In conclusion EVT showed a comparable outcome in HRQOL in the long-term follow up compared to patients without leakages. One factor that predominantly had an influence on HRQOL after EVT was an anastomotic stricture. In future studies the question whether an advanced tumor-stage before surgery is associated with a higher risk of anastomotic leakages or anastomotic strictures after EVT should be investigated. A multicenter study with a greater number of patients is needed to confirm the study’s results and compare these results to other leakage treatment options.

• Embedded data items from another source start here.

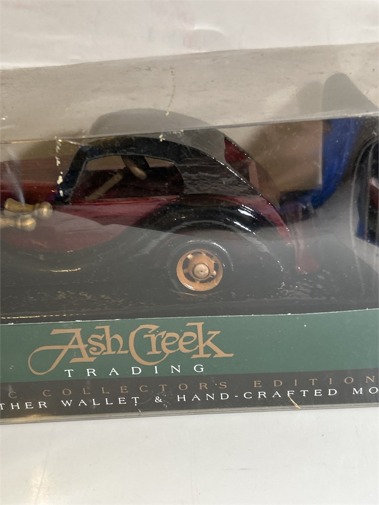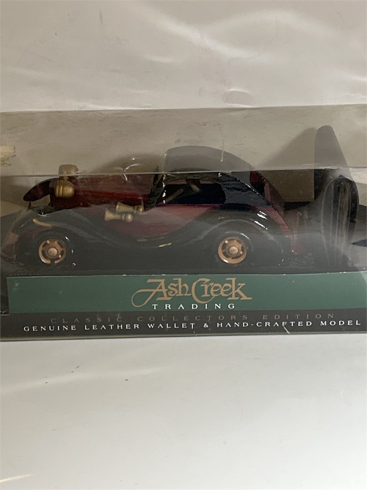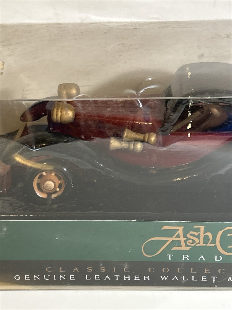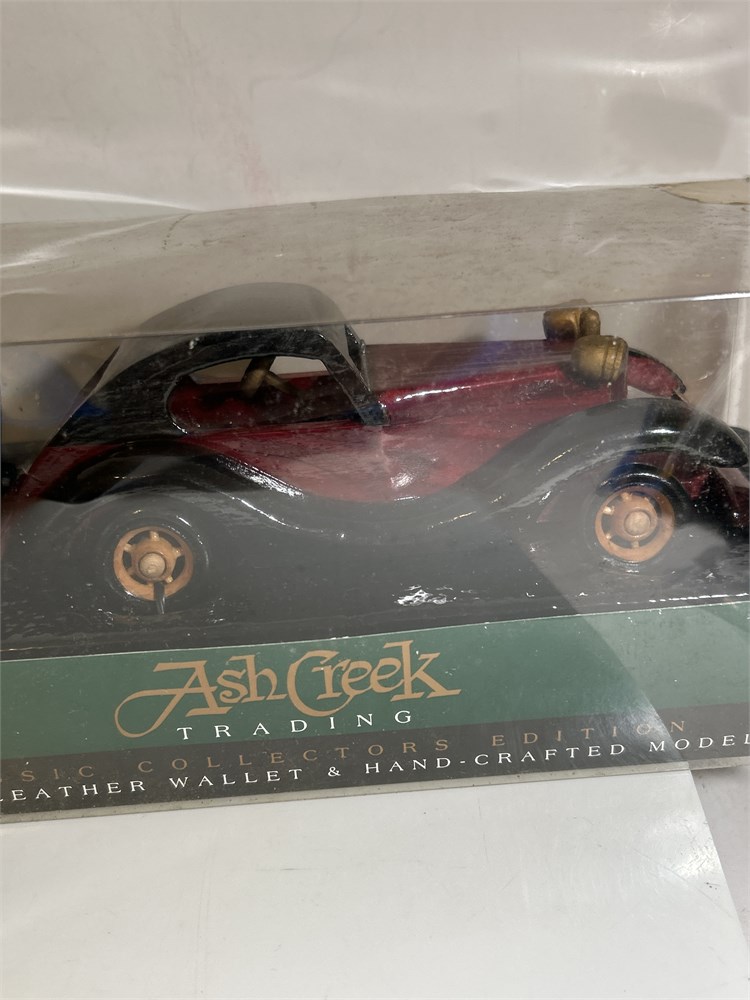 Ash Creek Trading Classic Hand Crafted Wooden Car & Leather Wallet NIB(LB)
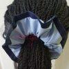 This striking photograph features a handmade fabric scrunchie securing a head of beautifully braided hair. The scrunchie—stitched in a cool two-tone palette of soft blue and navy—showcases the artistry and comfort of handmade fashion accessories.
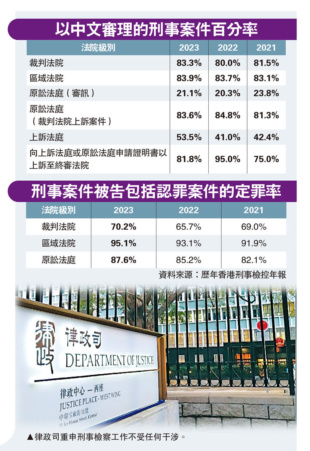 (大公報 記者 龔學鳴)律政司刑事檢控科昨日發表其年報《香港刑事檢控2023》,回顧律政司2023年的檢控工作。政府重申,律政司的所有檢控決定均是按法律、證據和《檢控守則》作出。檢控人員不會考慮亦不會受任何不相關的因素影響,例如政治或個人利益、媒體或公眾對決定可能產生的反應,以及檢控人員的個人感受或信念。
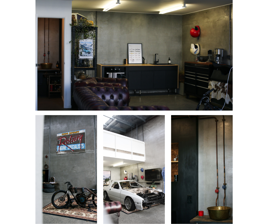 We crafted an interior that merges mid century warmth with cooler industrial textures, layered with motorsport and automotive moments honouring family history. Featuring a completely custom bathroom and kitchen. Bespoke, durable and unique.
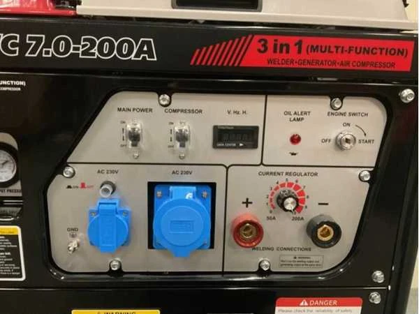 Voorzien van 230 Volt aansluiting klein en groot; elektrische start; lasmachine 200 Amp; inschakeling 50%; DC 75 Volt; compressor 10 liter; 1,35 kW; 230 Volt; max 8 bar; inclusief toebehoren; ongebruikt in doos Merk: HyperWelding Type: 3 in 1 generator-lasmachine-compressor Bouwjaar: 2024 Capaciteit.: 5.5kVA Benzine: true Mobiel: true Handboek aanwezig: true
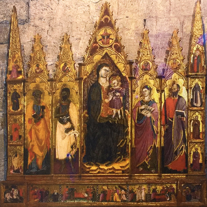 Si tratta di un’opera che nel corso del tempo ha subito vari restauri e perfino atti di vandalismo, si compone dall’assemblaggio di sette assi verticali e di una predella orizzontale. Gli elementi, disposti simmetricamente per ordine di larghezza dall’esterno verso il centro, sono suddivisi al loro interno in scomparti distinti, per un totale di 25 unità figurative. L’essenza impiegata è legno di pioppo. Il polittico mantiene gli originali assetti di incorniciatura, con cuspidi, trafori lobati, pinnacoli, colonnine divisorie, ancora in opera secondo la carpenteria di insieme. L’assemblaggio è garantito da un sistema di traversature orizzontali che attraversano l’intera struttura. Sui fondi campiti con doratura a bolo si stagliano le pitture eseguite a tempera all’uovo, ricche nella gamma cromatica, così come nella modalità di stesura. Sapiente l’uso di velature e sovrapposizioni trasparenti, elaborate con fine gusto calligrafico. Particolarmente raffinata è la tecnica con cui sono ese-guite le vesti in broccato ( comparto centrale con Madonna in trono ) che utilizza stratificazioni complesse di doratura a lamina metallica, meccatura, finitura pittorica, riporto di ornato a sgraffito e punzonatura finale . Si tratta di un linguaggio figurativo attardato allo stile tardogotico di ascendenza senese, più interessato all’equilibrio superficiale di linee e cromie che alla struttura prospettica dei volumi e della fonte di luce.
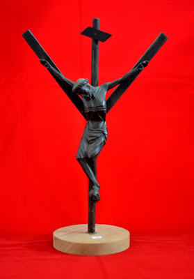 Some crosses are unusual. There is one cross in the form of a tree, with a flower. “The flower shows the blooming of the earth after the death of Jesus,” says Fr. Peter. There is another where Jesus has been portrayed as a skeleton on the cross.

Conflicts of Interest: The authors N Heits, C Schafmayer, J Hampe, B Schniewind and JH Egberts received financial support by B. Braun (Melsungen, Germany) for talks referred to Eso-Sponge® system therapy and visits of esophagus disease related conferences. The other authors have no conflicts of interest to declare.
Ethical Statement: The study was conducted ethically in accordance with the World Medical Association Declaration of Helsinki. Informed consent was obtained from all patients and the study was approved by the local ethics committee (AZ: D421/13). A professional psycho-oncological support was offered for all patients.